* **TASK OBJECTIVE**
Each line below must be reproduced exactly as it stands. Pictures stay out of the copy.

* **INPUT DATA**
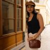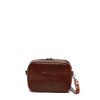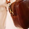 Sac bandoulière en cuir avec une poche intérieure amovible, fermeture à glissière et bandoulière amovible, ajustable en cuir.
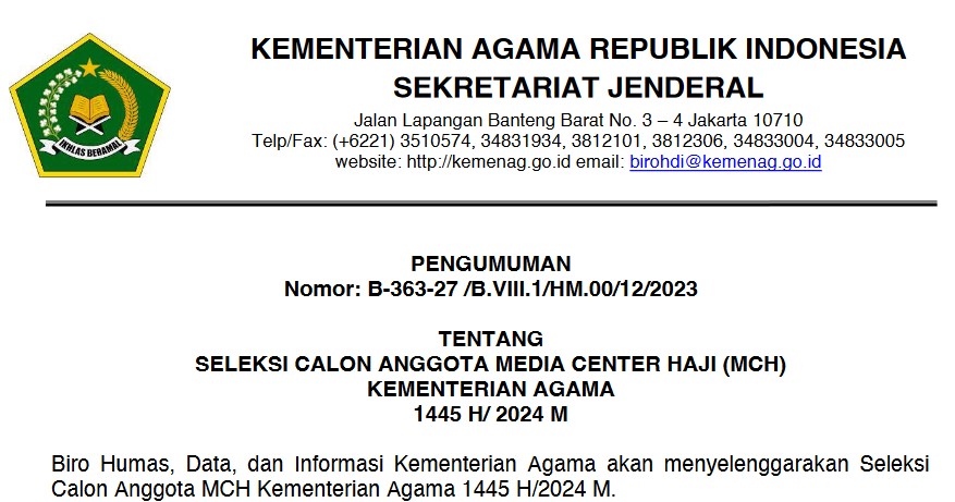 Kementerian Agama resmi membuka Lowongan Kerja untuk ditempatkan sebagai anggota media center Haji (MCH) 1445 Hijriyah/2024 Masehi.
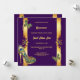 A beautiful, vibrant and luxurious design against a dark lapis purple background on which vertical faux gold bands appear with decorative golden swirls and peacock feathers. Small butterflies are flitting around and a stunning golden stilleto shoe adorned with peacock feathers appears in the bottom left corner. This graphic may be deleted if not required. Faux gold text templates appear down the middle of the 5x7 invitation and are fully customizable. The back has the same design, and additional templates for extra information you may want your guests and family to know. If not required, delete the wording to leave the back with the design only. This stylish, glam, elegant and traditional design is ideal for any 15th birthday Quinceañera or special birthday milestone celebration.
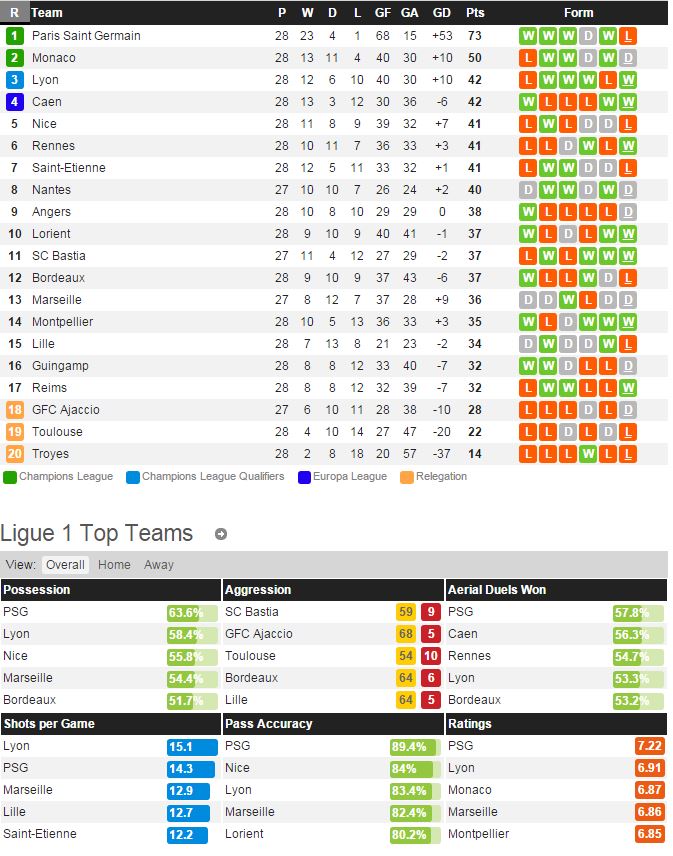 니스는 지난 라운드 바스티아와의 홈경기에서 0-2 패배를 당하면서 최근 리그 6경기에서 1승 2무 3패로 부진한 성적을 거두고 있다. 최근 공격력이 눈에 띄게 약해지면서 전체적인 경기력에 대한 문제점을 드러내고 있다. 트로와는 지난 라운드 로리앙 전에서 0-1 패배를 당하며 여전히 리그 최하위에 머물러있다. 이미 17위와의 승점차는 20점 차 정도 나기 때문에 강등은 기정 사실화 되어있는 모습이다.

* **REPLY**
 Sac bandoulière en cuir avec une poche intérieure amovible, fermeture à glissière et bandoulière amovible, ajustable en cuir.
 Kementerian Agama resmi membuka Lowongan Kerja untuk ditempatkan sebagai anggota media center Haji (MCH) 1445 Hijriyah/2024 Masehi.
 A beautiful, vibrant and luxurious design against a dark lapis purple background on which vertical faux gold bands appear with decorative golden swirls and peacock feathers. Small butterflies are flitting around and a stunning golden stilleto shoe adorned with peacock feathers appears in the bottom left corner. This graphic may be deleted if not required. Faux gold text templates appear down the middle of the 5x7 invitation and are fully customizable. The back has the same design, and additional templates for extra information you may want your guests and family to know. If not required, delete the wording to leave the back with the design only. This stylish, glam, elegant and traditional design is ideal for any 15th birthday Quinceañera or special birthday milestone celebration.
 니스는 지난 라운드 바스티아와의 홈경기에서 0-2 패배를 당하면서 최근 리그 6경기에서 1승 2무 3패로 부진한 성적을 거두고 있다. 최근 공격력이 눈에 띄게 약해지면서 전체적인 경기력에 대한 문제점을 드러내고 있다. 트로와는 지난 라운드 로리앙 전에서 0-1 패배를 당하며 여전히 리그 최하위에 머물러있다. 이미 17위와의 승점차는 20점 차 정도 나기 때문에 강등은 기정 사실화 되어있는 모습이다.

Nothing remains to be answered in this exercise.